After an impromptu woodland hunt for fallen pine cones, we came across this fantastic tree, laden with fungi. The cascade of mushrooms spanned the entire length of the tree trunk, which had split down the centre, causing half of it to begin to decay. I had never seen so many mushrooms in one place before and their beautiful delicate gills and smooth firm concave lids inspired a bit of research - most importantly, 'were they edible!?'
We began by trawling a variety of useful websites, including the very informative Mushroom Diary and Wild Food UK, which is a fantastic website full of foraging tips, delicious recipes and identification charts.  After triple checking our mushrooms against a variety of guides and knowledgeable locals, as well as researching similar types of tree living fungi in the UK, we came to the confident conclusion that we had in fact stumbled upon a generous crop of oyster mushrooms.  (thankfully in the UK there are not any look a like mushrooms that aren't edible!)  Oyster mushrooms are identifiable by their decurrent gills - gills which run directly down the stem. They are also known for their oyster/fan like shapes, often growing in clusters on decaying trees, and have a mild anise aroma which we could certainly smell the closer we got!

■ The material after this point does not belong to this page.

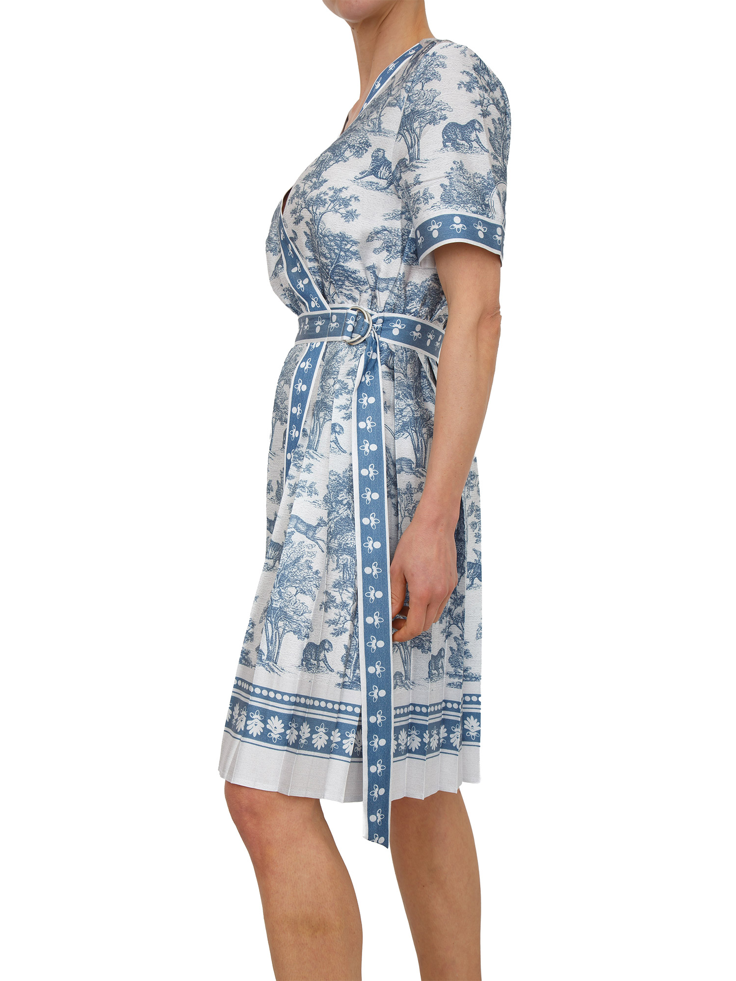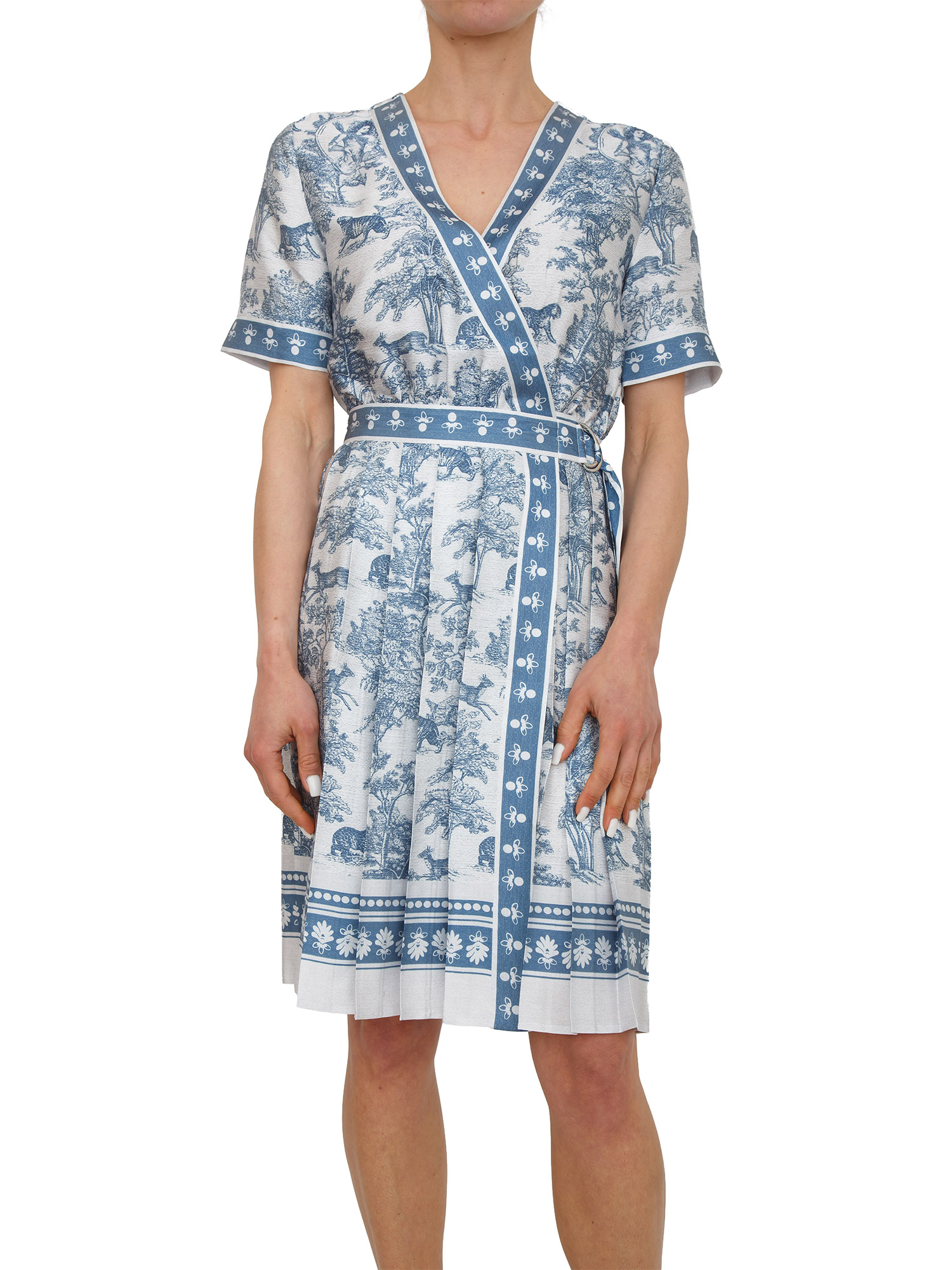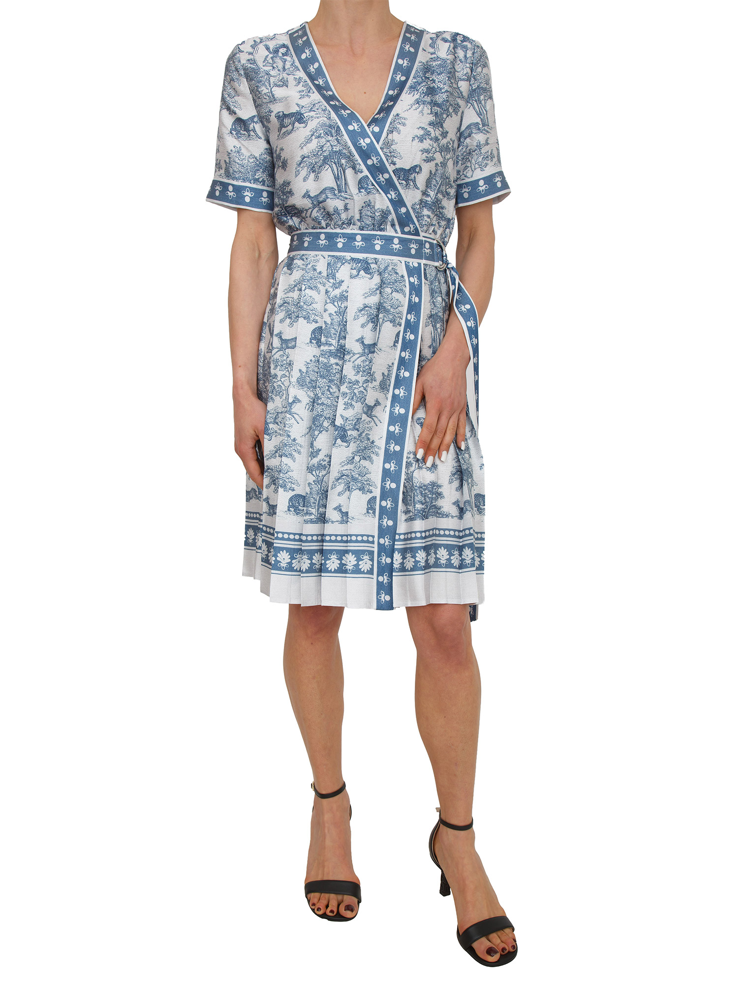 Abito Fracomina in morbidissimo tessuto con stampa esotica a contrasto. Design con chiusura a portafoglio, scollo ad incrocio ed apertura laterale con fusciacca. La modella è alta 1.72 e indossa la taglia XS.

With stepladder, wellington boots and baskets in tow we ventured back into the woodland area, re-tracing our steps through the undergrowth and fir trees to the secluded, shaded spot we first saw the tree in.  We were careful not to damage the stem when removing the mushrooms from the tree. We used a sharp knife and took our time, we had read that this is important to encourage re-growth next season.  After a precarious climb on a stepladder which was balancing over a large slippery felled log, we managed to reach high enough to harvest the majority of the available mushrooms.  Two baskets full later, the crop was hauled in to the kitchen (they are heavier than they look!) to be rinsed/ brushed and prepared.
We couldn't resist frying some up in butter with fresh garlic and a dollop of clotted cream and sampling them on hot toast immediately! - and what a treat, a lovely earthy dense texture and taste heightened by the strong sweet garlic.  The rest we will hanging in the kitchen to dry, or use over the course of the next few days in a variety of mushroom related recipes!

It was such a pleasure to stumble upon such a find, and enjoy unexpected fruits of nature from the garden.  With our walled garden being transformed by our wonderful new part-time Gardener Geoff over the coming months, we are looking forward to growing our own produce and cut flowers, just as the house use to when it was built in the 1920's!